Stephen Akard, the acting inspector general at the State Department installed after President Donald Trump fired his predecessor, is resigning this week after less than three months on the job.
A State Department official told TPM that he is returning to the private sector. Deputy Inspector General Diana Shaw will take over the acting Inspector General role, the official added.
Akard is still listed as the director on the Office of Foreign Missions website, a job he kept while also accepting the acting IG role. House Democrats took issue with that arrangement at the time, writing in a May letter that it will “chill whistleblower disclosures” to have the acting inspector general report to Pompeo in another job.
Akard, who had once worked for Vice President Mike Pence, was forced to recuse himself from ongoing probes touching on Secretary of State Mike Pompeo and his wife, Susan, after outcry from Democrats.
Trump fired Akard’s predecessor, Steve Linick, who was leading an investigation into an emergency declaration made to allow the administration to fast-track a massive arms deal with Saudi Arabia. Pompeo admitted that he had submitted written answers to Linick’s questions about that probe. Per CNN, the State Department and office of the inspector general are in their final negotiations over the report before its release.

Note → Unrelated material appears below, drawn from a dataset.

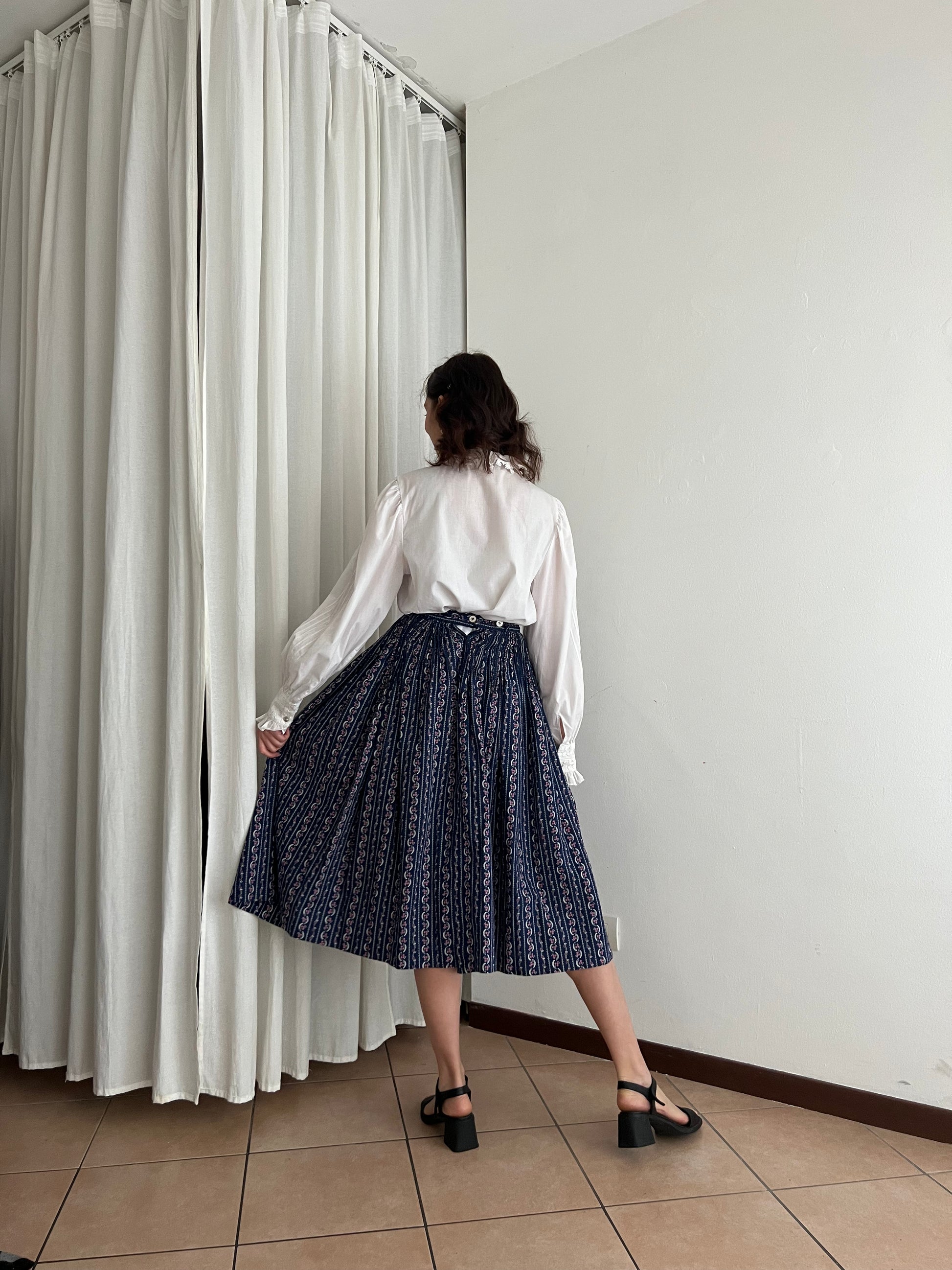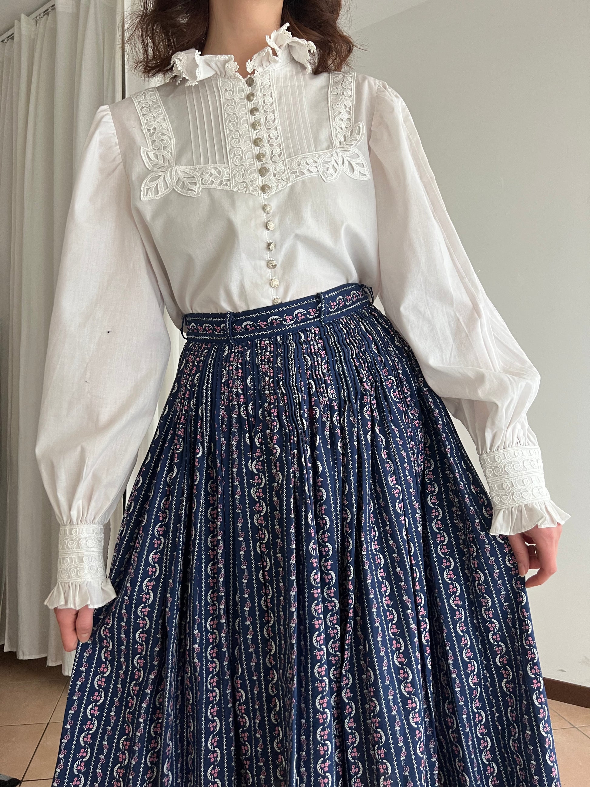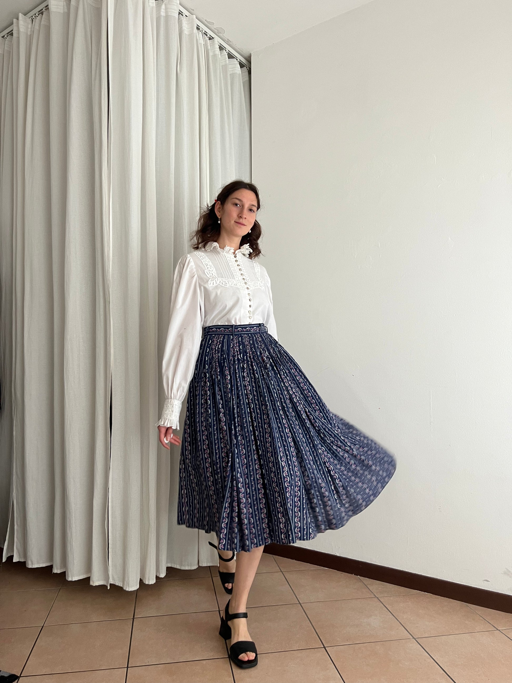 Gonna stile tirolese vintage blu a campana. Sartoriale senza etichette, veste taglia XS ed è in cotone. Misure: girovita 64, lunghezza 82

On Monday, congressional Democrats sent out a slew of subpoenas to State Department officials to force their testimony on Linick’s firing. Akard was not subpoenaed.
Pompeo abruptly postponed a press availability scheduled for late Wednesday morning after the news of Akard’s departure broke.
Why does this feel like Nixon? ANY oversight of Donald J. Trump that he doesn’t ‘like’ means we are replacing yet ANOTHER IG…or an official that surrounds Donnie. C’mon November!
When he had to recuse on the big cases, he was of no use to Pompeo. (Because as we all know the purpose of an IG is to work for the political appointee at the top.)
Oh, don’t worry about oversight. The Republicans will be all for it, even demanding it, come January 2021.
I’ll leave to you to figure out why.
Let’s back up a second. First, what requires that an agency have an IG? Is there legislation on that? What is an IG’s charge? Then let’s see how that applies to the current situation.
I’m confused. I thought the State Department now was the private sector. You know, Department of Swagger™?